* DATA TO USE *
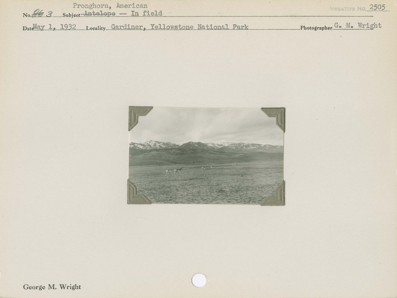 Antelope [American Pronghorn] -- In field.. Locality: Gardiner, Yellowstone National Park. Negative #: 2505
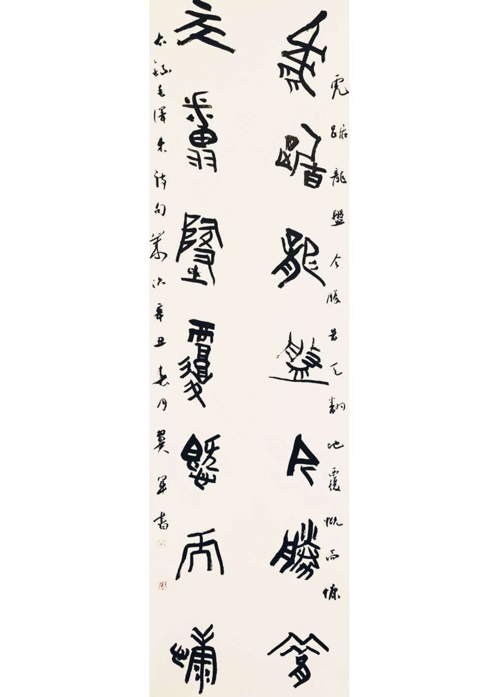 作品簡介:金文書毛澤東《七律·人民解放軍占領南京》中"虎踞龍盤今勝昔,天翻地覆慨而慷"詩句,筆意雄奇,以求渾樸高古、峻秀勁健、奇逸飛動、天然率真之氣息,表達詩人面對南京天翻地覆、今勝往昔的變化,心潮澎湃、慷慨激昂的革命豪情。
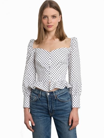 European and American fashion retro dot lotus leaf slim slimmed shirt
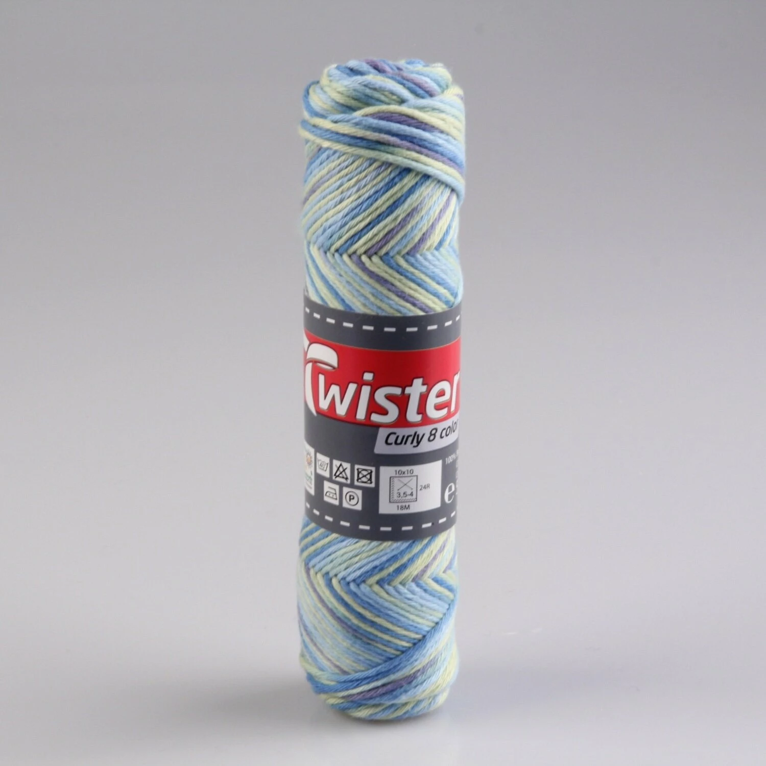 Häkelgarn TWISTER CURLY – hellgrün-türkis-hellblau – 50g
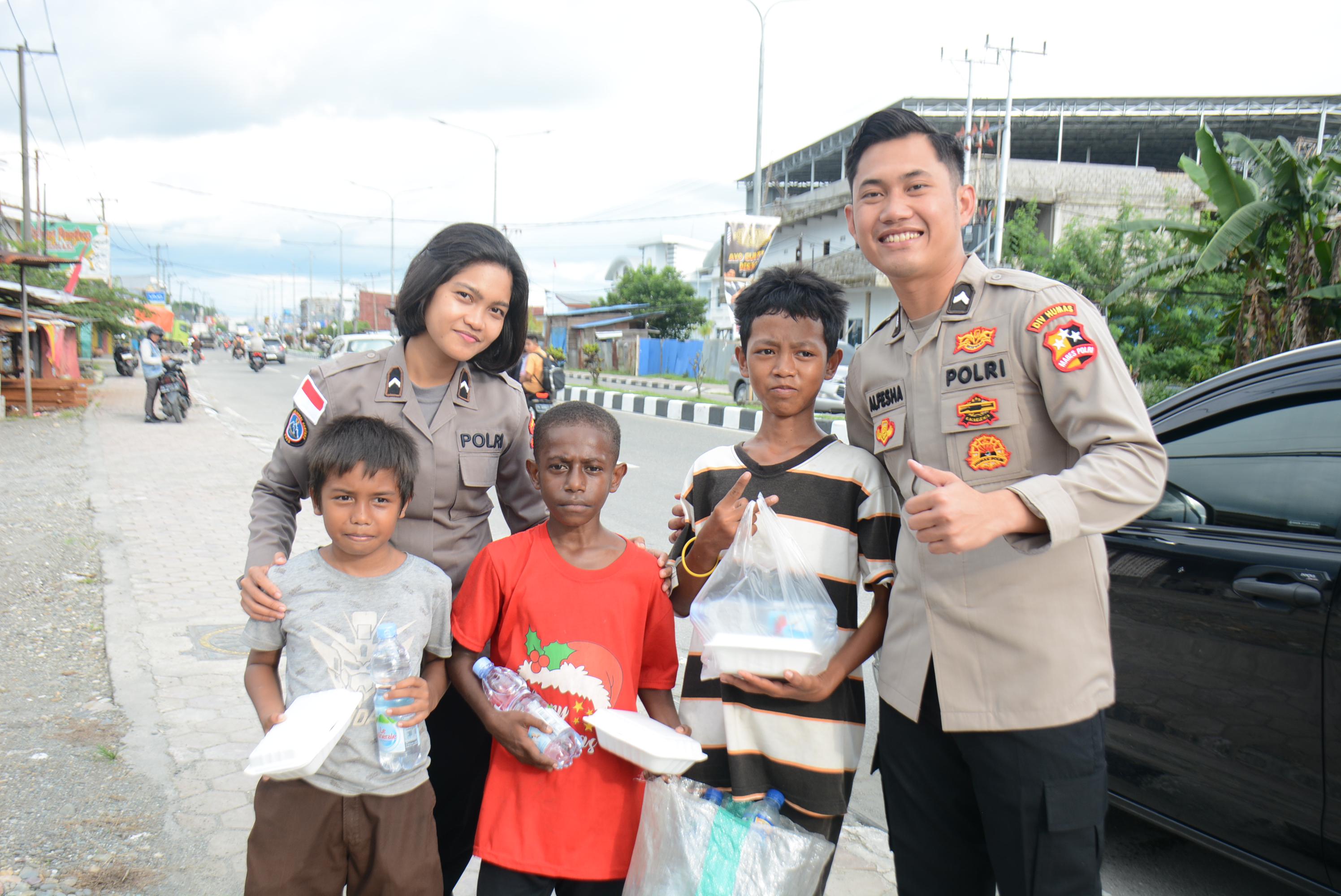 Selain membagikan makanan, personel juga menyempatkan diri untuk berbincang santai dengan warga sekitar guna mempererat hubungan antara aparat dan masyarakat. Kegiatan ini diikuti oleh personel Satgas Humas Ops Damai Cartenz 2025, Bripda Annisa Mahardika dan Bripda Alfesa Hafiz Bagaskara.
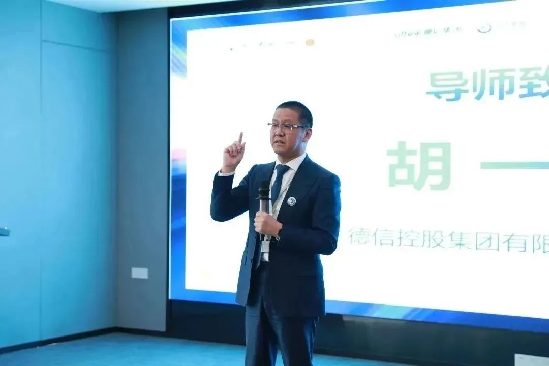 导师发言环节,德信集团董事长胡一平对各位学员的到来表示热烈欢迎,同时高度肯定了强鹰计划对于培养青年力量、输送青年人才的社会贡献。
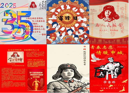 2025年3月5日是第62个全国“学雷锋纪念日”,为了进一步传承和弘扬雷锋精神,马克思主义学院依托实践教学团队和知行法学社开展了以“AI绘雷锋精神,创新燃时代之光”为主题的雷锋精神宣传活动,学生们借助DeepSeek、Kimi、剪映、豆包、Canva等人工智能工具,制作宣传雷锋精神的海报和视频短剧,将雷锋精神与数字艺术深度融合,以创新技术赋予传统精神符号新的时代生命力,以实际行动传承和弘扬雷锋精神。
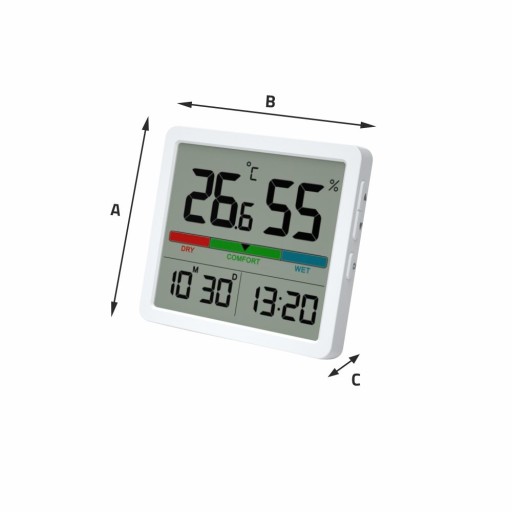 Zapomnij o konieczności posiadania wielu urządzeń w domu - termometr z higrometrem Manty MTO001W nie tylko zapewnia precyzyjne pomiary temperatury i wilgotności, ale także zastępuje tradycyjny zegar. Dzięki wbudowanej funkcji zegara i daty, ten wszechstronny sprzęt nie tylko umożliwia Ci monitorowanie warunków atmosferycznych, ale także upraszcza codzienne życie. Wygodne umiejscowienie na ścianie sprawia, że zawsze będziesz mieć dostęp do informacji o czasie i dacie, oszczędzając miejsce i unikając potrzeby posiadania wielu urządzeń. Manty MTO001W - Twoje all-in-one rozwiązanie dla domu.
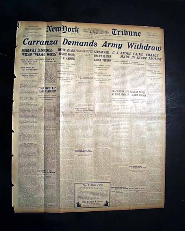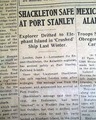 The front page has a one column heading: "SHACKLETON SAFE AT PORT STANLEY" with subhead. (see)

* AIM OF THE TASK *
Each line of the data must be restated exactly, and the pictures must be left out.

* ANSWER AREA *
 Antelope [American Pronghorn] -- In field.. Locality: Gardiner, Yellowstone National Park. Negative #: 2505
 作品簡介:金文書毛澤東《七律·人民解放軍占領南京》中"虎踞龍盤今勝昔,天翻地覆慨而慷"詩句,筆意雄奇,以求渾樸高古、峻秀勁健、奇逸飛動、天然率真之氣息,表達詩人面對南京天翻地覆、今勝往昔的變化,心潮澎湃、慷慨激昂的革命豪情。
 European and American fashion retro dot lotus leaf slim slimmed shirt
 Häkelgarn TWISTER CURLY – hellgrün-türkis-hellblau – 50g
 Selain membagikan makanan, personel juga menyempatkan diri untuk berbincang santai dengan warga sekitar guna mempererat hubungan antara aparat dan masyarakat. Kegiatan ini diikuti oleh personel Satgas Humas Ops Damai Cartenz 2025, Bripda Annisa Mahardika dan Bripda Alfesa Hafiz Bagaskara.
 导师发言环节,德信集团董事长胡一平对各位学员的到来表示热烈欢迎,同时高度肯定了强鹰计划对于培养青年力量、输送青年人才的社会贡献。
 2025年3月5日是第62个全国“学雷锋纪念日”,为了进一步传承和弘扬雷锋精神,马克思主义学院依托实践教学团队和知行法学社开展了以“AI绘雷锋精神,创新燃时代之光”为主题的雷锋精神宣传活动,学生们借助DeepSeek、Kimi、剪映、豆包、Canva等人工智能工具,制作宣传雷锋精神的海报和视频短剧,将雷锋精神与数字艺术深度融合,以创新技术赋予传统精神符号新的时代生命力,以实际行动传承和弘扬雷锋精神。
 Zapomnij o konieczności posiadania wielu urządzeń w domu - termometr z higrometrem Manty MTO001W nie tylko zapewnia precyzyjne pomiary temperatury i wilgotności, ale także zastępuje tradycyjny zegar. Dzięki wbudowanej funkcji zegara i daty, ten wszechstronny sprzęt nie tylko umożliwia Ci monitorowanie warunków atmosferycznych, ale także upraszcza codzienne życie. Wygodne umiejscowienie na ścianie sprawia, że zawsze będziesz mieć dostęp do informacji o czasie i dacie, oszczędzając miejsce i unikając potrzeby posiadania wielu urządzeń. Manty MTO001W - Twoje all-in-one rozwiązanie dla domu.
 The front page has a one column heading: "SHACKLETON SAFE AT PORT STANLEY" with subhead. (see)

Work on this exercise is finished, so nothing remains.